Problem statement
Beneath this line sits some data. Return only its lines from the one holding "分享理由:虽然这款软件的名字" through the one holding "Phoebe Bird on", inclusive, exactly, with the images removed.

The data

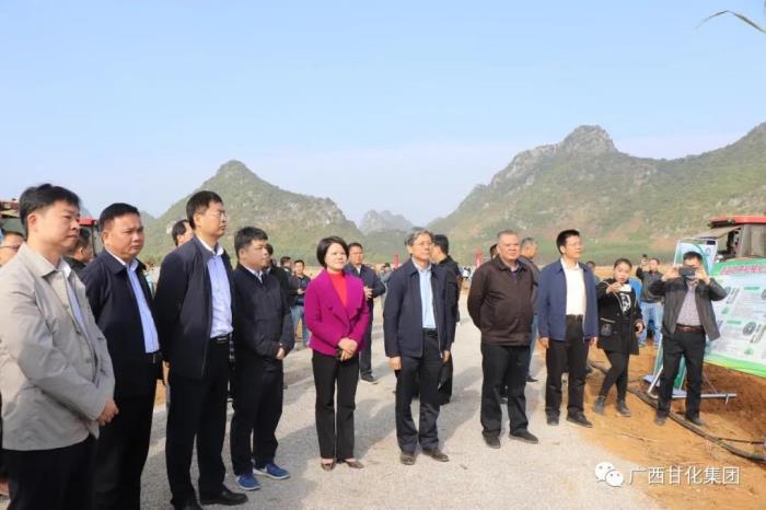 2020年12月2日“2020年全國糖料高質(zhì)量發(fā)展推進(jìn)落實(shí)會(huì)”在甘化集團(tuán)貴港片區(qū)顯滕“雙高”基地開展現(xiàn)場觀摩甘蔗生產(chǎn)全程機(jī)械化作業(yè)。農(nóng)業(yè)農(nóng)村部種植業(yè)管理司、貴港市委、覃塘區(qū)委等領(lǐng)導(dǎo)到現(xiàn)場觀摩,集團(tuán)董事長林寧陪同觀摩并介紹雙高基地建設(shè)成效及新榨季生產(chǎn)情況。
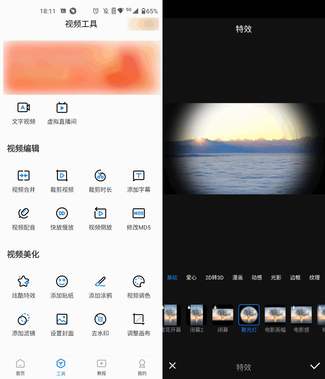 分享理由:虽然这款软件的名字叫做无痕去水印,不过除了去水印的功能外,它可以让我们给视频添加纹理、边框、漫画、光影、分屏、转场等丰富的视频特效,基本上可以满足我们在添加视频特效时的各种需求。
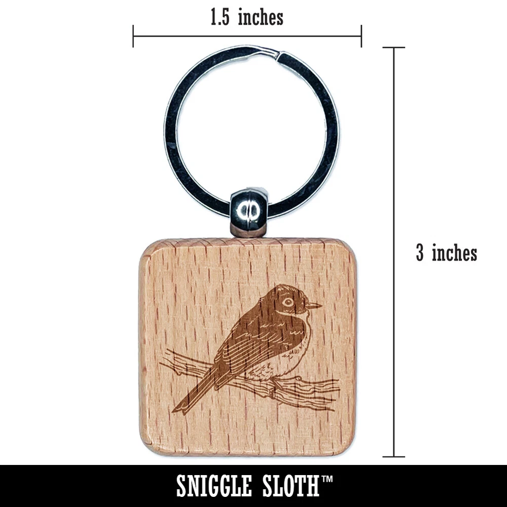 Phoebe Bird on a Branch Engraved Wood Square Keychain Tag Charm
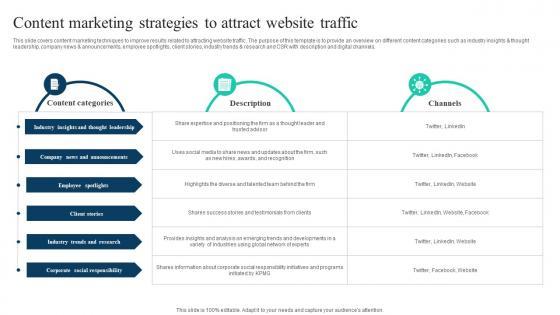 This slide covers content marketing techniques to improve results related to attracting website traffic. The purpose of this template is to provide an overview on different content categories such as industry insights and thought leadership, company news and announcements, employee spotlights, client stories, industry trends and research and CSR with description and digital channels. Are you in need of a template that can accommodate all of your creative concepts This one is crafted professionally and can be altered to fit any style. Use it with Google Slides or PowerPoint. Include striking photographs, symbols, depictions, and other visuals. Fill, move around, or remove text boxes as desired. Test out color palettes and font mixtures. Edit and save your work, or work with colleagues. Download The Ultimate Guide To KPMG Content Marketing Strategies To Attract Website Traffic Strategy SS V and observe how to make your presentation outstanding. Give an impeccable presentation to your group and make your presentation unforgettable. This slide covers content marketing techniques to improve results related to attracting website traffic. The purpose of this template is to provide an overview on different content categories such as industry insights and thought leadership, company news and announcements, employee spotlights, client stories, industry trends and research and CSR with description and digital channels.
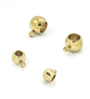 Stainless Steel bead rondells with loop. Polished, in the original color, or vacuum coated in the Czech Republic. More information about PVD coating can be found on our blog or FAQ. Price for 1Pc.
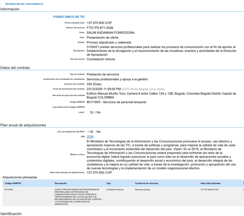 La discusión pública comenzó luego de revelarse que Salim Kadamani, diseñador y gestor de moda, suscribió varios contratos de prestación de servicios relacionados con comunicación y apropiación digital con entidades del Gobierno, que en conjunto rondarían los $380 a $390 millones.
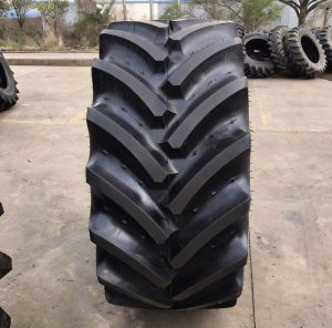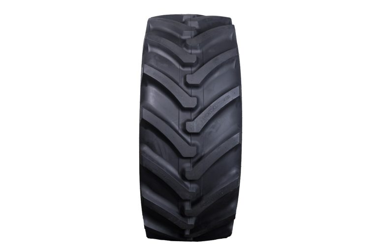 Heavy-duty rear tire for 180-220HP tractors with large implements. Optimized tread design reduces soil compaction in precision farming operations.
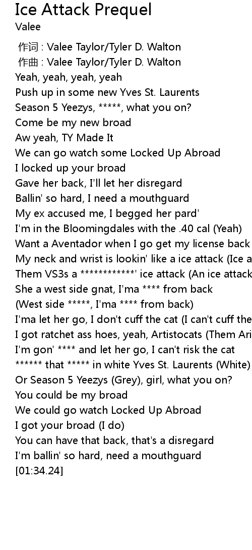 | [00:45.21] | My neck and wrist is lookin' like a ice attack Ice attack |
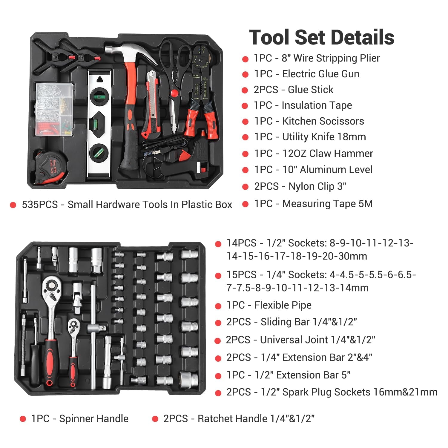 - 800 Piece Tool Sets: This 800-piece tool set includes a variety of essential tools such as wrenches, screwdrivers, rulers, hammers, and universal joints, along with extra tool ties and kits. It is designed to address all your daily needs, making tasks simpler and more efficient.

Exercise output
 分享理由:虽然这款软件的名字叫做无痕去水印,不过除了去水印的功能外,它可以让我们给视频添加纹理、边框、漫画、光影、分屏、转场等丰富的视频特效,基本上可以满足我们在添加视频特效时的各种需求。
 Phoebe Bird on a Branch Engraved Wood Square Keychain Tag Charm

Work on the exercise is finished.